駆け抜ける馬の首とシアルヴィの間に挟まれ震えている理由は、この状況に対する恐怖か、それとも彼が目にしたであろうあの平原での事実によるものか。
そして、もしも遮らなければ、彼は何を言おうとしていた。
直後、真横で雷撃がはじけ、驚いた馬が跳ね上がり、そして大きくバランスを崩す。
「大丈夫だ、落ち着け!」
シアルヴィが言って手綱を引き、そのまま走らせることには成功するが、馬の息はすでに大きく上がっている。
体躯に恵まれたこの軍馬も、長い距離の移動と背に乗せた二人分の体重に、力の限界は近づいていた。
魔法兵が振り切れる気配はない。
その理由などここで考えたところで答えは出ない。
だがそれはこのまま走り続けたところで、来たるべき結果が良いものではないということを、彼らに教えていたのだった。
「――ジーク。」
優しく友の名前を呼び、シアルヴィが手にした手綱の一部をジークの手へと握りこませる。

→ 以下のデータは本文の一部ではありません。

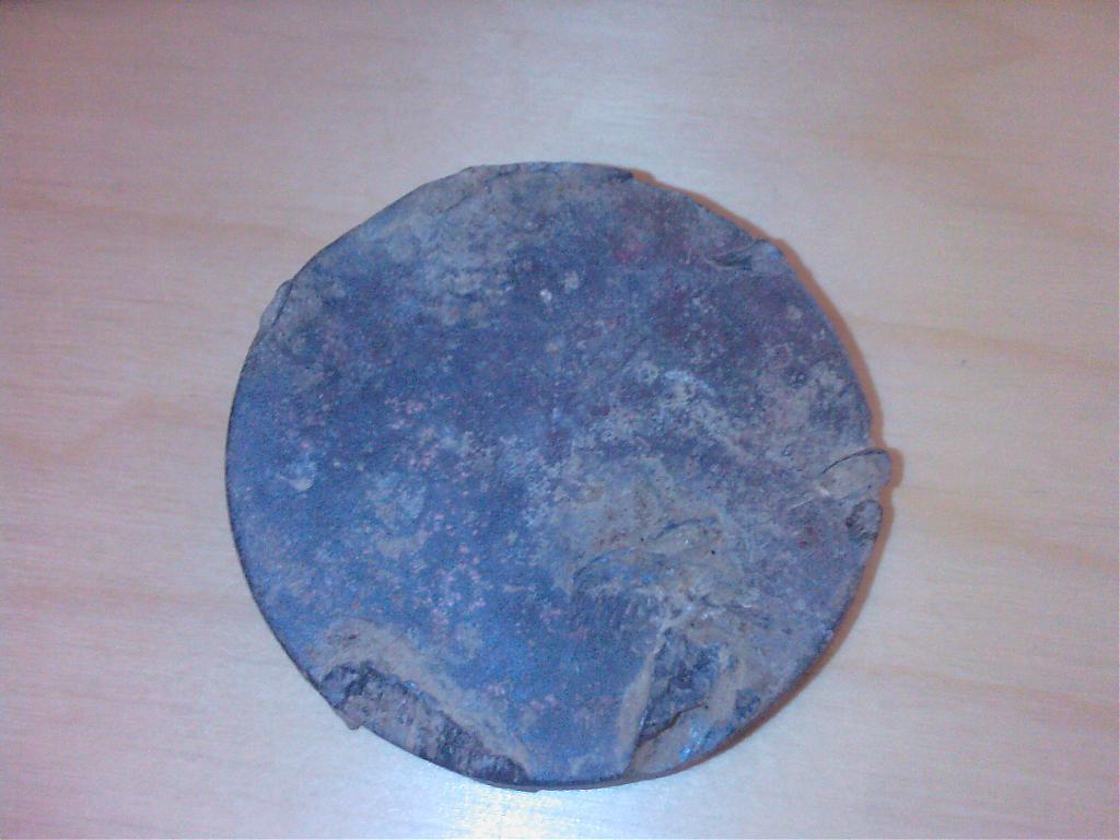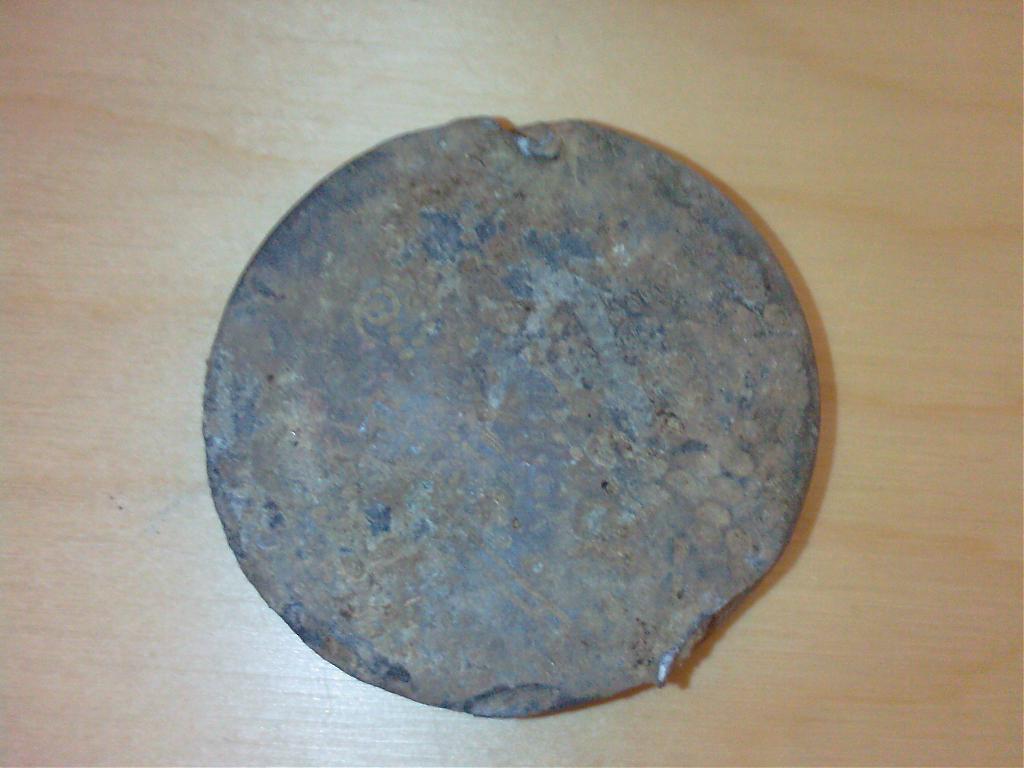 Habe diese Bleischeibe auf einem Acker gefunden, sie ist 7 cm im Durchmesser und 1 cm dick.

「このまま、まっすぐに走れ。おそらく、日暮れ前にはミーズに着ける。」
「え……?」
ざわり、とジークの思考に予感が走る。
「大丈夫だ。君一人なら、アールヴの民も受け入れてくれる。……今まで、巻き込んですまなかった。」
――いやだ――!
言葉にならず、ジークは首を左右に振る。
――前にも――
「――行け。」
――前にもたしか――
「シアルヴィさん!」
ジークの叫びは間に合わず、わずかに足に感じた衝撃とともに、シアルヴィの体が馬から落ちる。
馬の駆ける速度が上がり、彼の姿が遠く、消えようとする。
「――戻れ!戻れえっ!」
慣れない手綱を懸命に引き、暴れながらもどうにか振り返らせた馬を再び友の元へと駆け出させる。
――もう、二度と――
落馬した姿勢のままのシアルヴィが見え、ジークは懸命に片手を伸ばす。
――もう二度と、失いたくない――!
だが直後、一条の閃光は彼の真上より降り注ぎ、シアルヴィの手を取ることもないまま暗転していく意識の中、彼は、自身が落下する感覚を感じ取っていた。
「――ジーク!」
シアルヴィが叫ぶ。
だが伸ばした手のわずかに先で、友の身体は魔弾に撃たれる。
ジークの手が一瞬、何かをつかもうとするかのように宙をかいた。
そのまま、馬の慣性のまま脇を駆け抜け、追うように振り向いたシアルヴィのはるか彼方で大地へ落ちる。
乗り手を失った馬がさらに先へと駆け抜けていく。
シアルヴィが即座に行動を起こす。
だがすぐに駆け寄った彼よりも先に友の周囲は、風魔法を伴って現れた魔法兵により囲まれていた。
足を止めたシアルヴィのその周囲に、さらに数人の魔法兵が風をまとって降下してくる。
魔法兵の一人が言葉をかける。
シアルヴィがゆっくりと目を閉じ、再び開いてから言葉を返す。
それに対し相手は肯定の言葉を伝え、それを受けて彼は静かに、腰の剣へと手をかけるのだった。
剣帯からその双剣を鞘ごと外す。
愛おしむようにそれを顔の前へとやり、瞳をゆっくりと閉じると柄の部分を額へと当て、やがて静かに大地へとそれを降ろすと、正面を見据えたまま、数歩、下がる。
――お別れだ、ジーク――
魔法の韻が重なって聞こえる。
自身に起こるであろう現実を理解し、それでも大地に横たわる瞳を閉じた友へと、彼は微笑んで見せたのだった。